Die Studie nennt aus Maklersicht auch die Top-Anbieter, allerdings nur in zwei der fünf bAV- Durchführungswege. Bei der Direktversicherung ist es unangefochten die Allianz, gefolgt von Canada Life und Alte Leipziger, bei der U-Kasse ebenfalls die Allianz vor Canada Life und Nürnberger. Die Studie kann hier für 2.677,50 Euro inklusive Mehrwertsteuer bezogen werden.

Auf rund 250 Seiten gibt es praktisch gar keine Informationen zur Stagnation der bAV insgesamt, die jedoch unübersehbar ist (procontra berichtete). Insbesondere beim Sozialpartnermodell ist in 18 Monaten bisher kein einziger Tarifvertrag zustande gekommen (procontra berichtete). Klartext sprach dazu Fabian von Löbbecke, Vorstandsvorsitzender von HDI Pensionsmanagement, auf dem HDI-bAV-Expertenforum Anfang Juni in Köln. Nach den Erleichterungen beim bAV-Riester bedürfe es nun der Abschaffung der Doppelverbeitragung für die gesamte bAV (procontra berichtete).

Riester-Förderung in Direktversicherung

Apropos Riester: Seit Jahresbeginn bietet der HDI die verbesserten Tarife „Two Trust Selekt“ und „Two Trust Kompakt“ in der Direktversicherung an, bei denen die Entgeltumwandlung sowohl nach Paragraf 10 a EStG als auch nach Paragraf 3 Nummer 63 EStG in einem einzigen Vertrag förderfähig ist (procontra berichtete).

Bisher ging durch die getrennte Förderung viel Geld verloren. „Für einen Berufsanfänger summierte sich dies konservativ geschätzt bis zum Rentenalter auf über 17.000 Euro“, sagte von Löbbecke.

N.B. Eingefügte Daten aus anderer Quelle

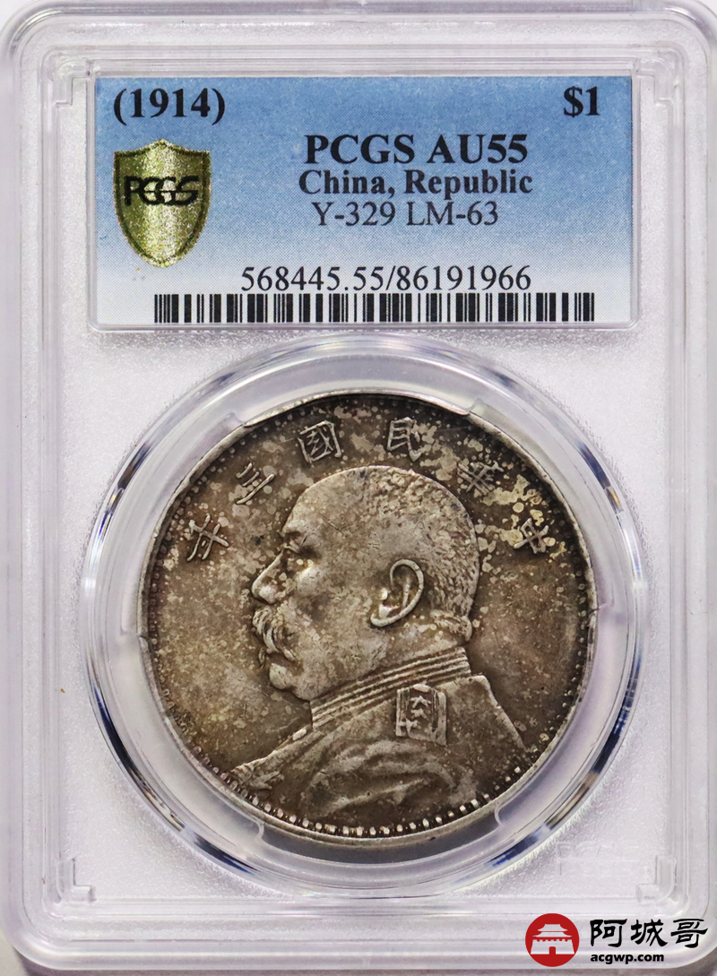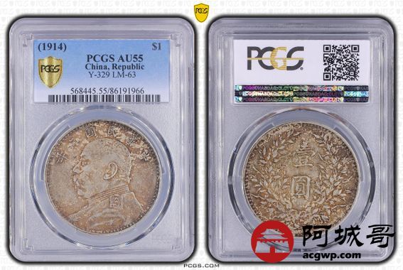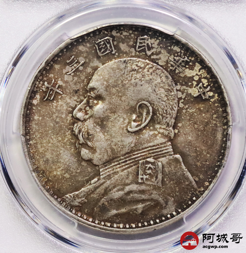 Lot:30 五彩 包浆 三年大头壹圆 PCGS AU55
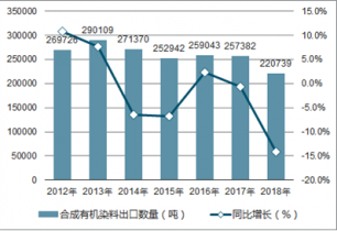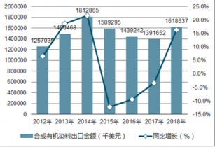 2018年1-12月中國合成有機染料出口數量為220739噸,同比下降14.2%;2018年1-12月中國合成有機染料出口金額為1618637千美元,同比增長16.3%。
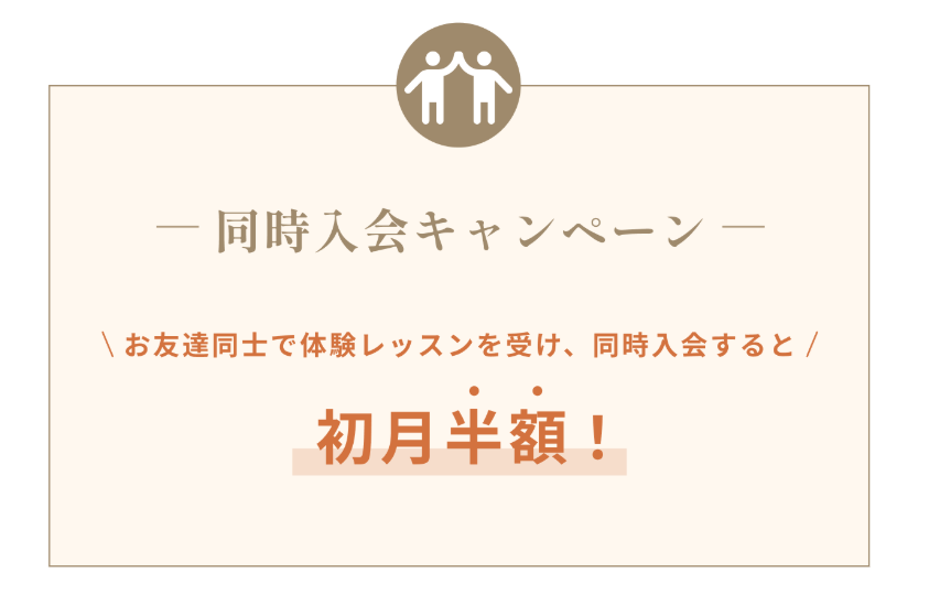 同時入会キャンペーンは、友人・家族同士で体験レッスンを受け、当日に同時入会すると適用になります。
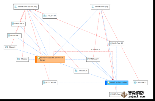 例如,將代碼鄰近添加到文檔節(jié)點(diǎn)或文檔組節(jié)點(diǎn)允許創(chuàng)建基于案例的網(wǎng)絡(luò)。您可以提出以下問題:哪些代碼已應(yīng)用于哪個(gè)文檔(或文檔組)。ATLAS.ti在代碼和它們出現(xiàn)的文檔(文檔組)之間畫了一條藍(lán)線。
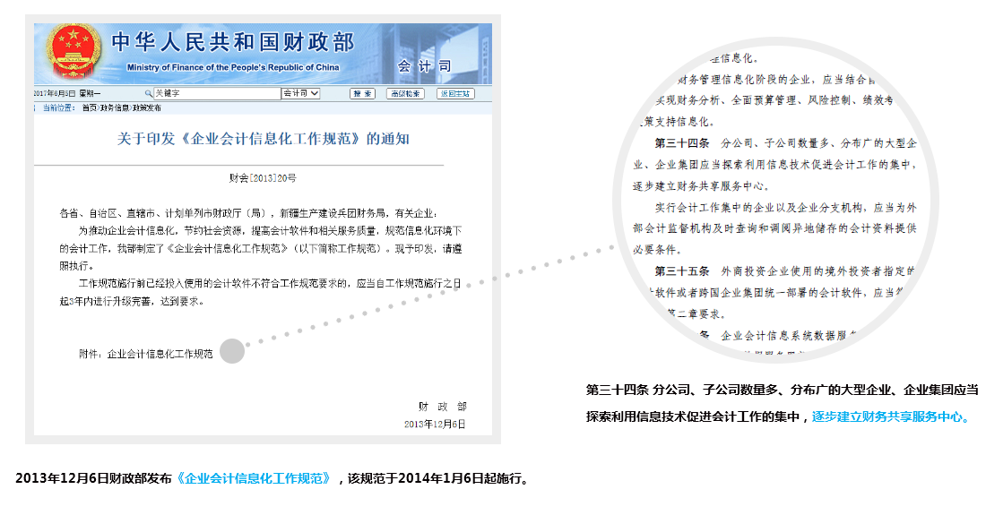作为目前企业压缩成本、改善管理流程、提高服务水平中成效较为卓著的一种管理体系,财务共享得到了国资委、财政部的认可,在政策层面积极推动央企集团加速构建财务共享服务中心。《关于加强中央企业财务信息化工作的通知》、《企业会计信息化工作规范》、《关于全面推进管理会计体系建设指导意见》等文件先后出台,鼓励大型企业和企业集团建立财务共享服务中心,加速会计职能从重核算到重管理决策的拓展。
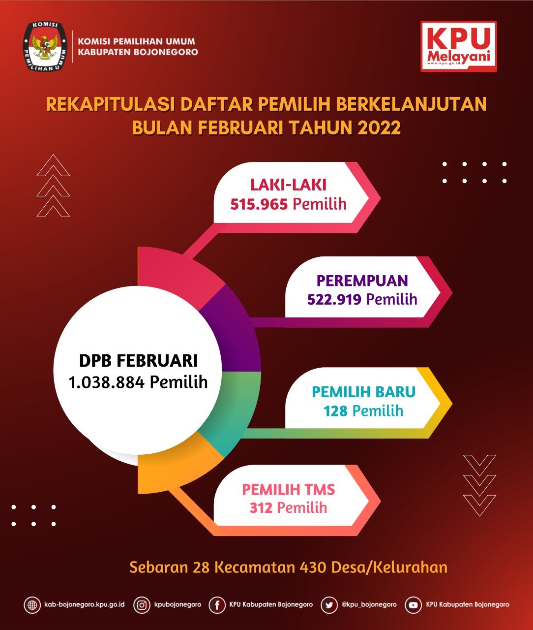Adanya penambahan dan pengurangan jumlah pemilih tersebut, menyebabkan total jumlah pemilih pada bulan Februari 2022 mencapai 1.038.884 pemilih, dengan rincian laki-laki sejumlah 515.965 pemilih dan perempuan sejumlah 522.919 pemilih. (mit/pin)
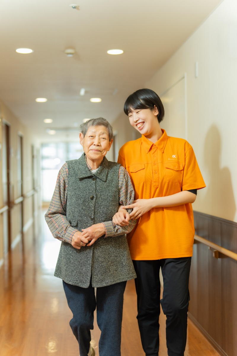 職員と入居者が家族のように過ごす温かな介護施設。食事補助や柔軟な働き方など、手厚い福利厚生でスタッフの生活も支える
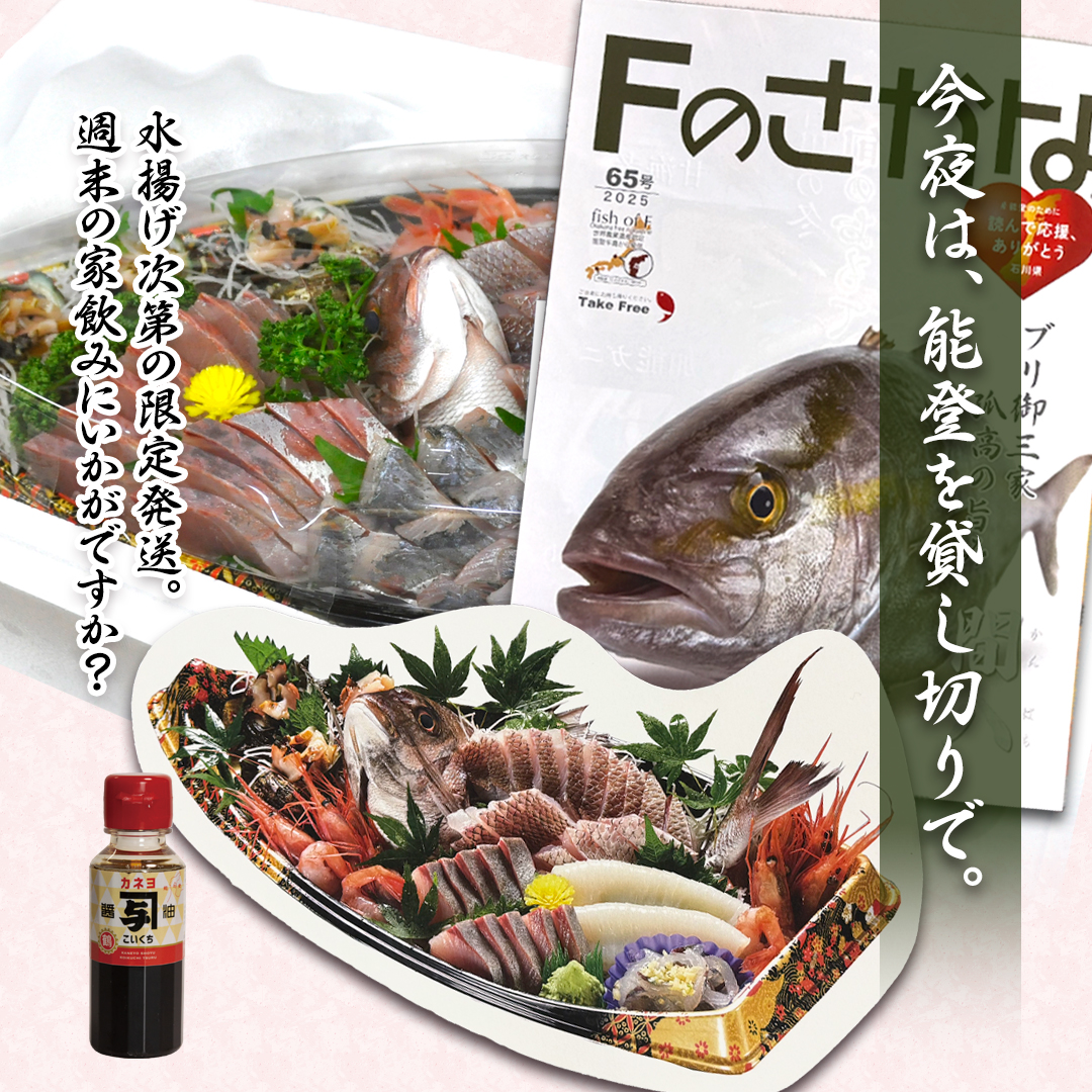 | 商品名 | さしみ舟盛りお祝い用4~5人前・能登の醤油つき【冷蔵】 | |

Anders als andere bAV-Produkte seien mit Riester nicht nur alle sozialversicherungs-pflichtig Beschäftigten förderbar, sondern auch „Störfälle“ wie Arbeitslose, Langzeiterkrankte, Beschäftigte in Elternzeit oder Jobwechsler, wo die Verträge häufig nur noch beitragsfrei gestellt werden konnten.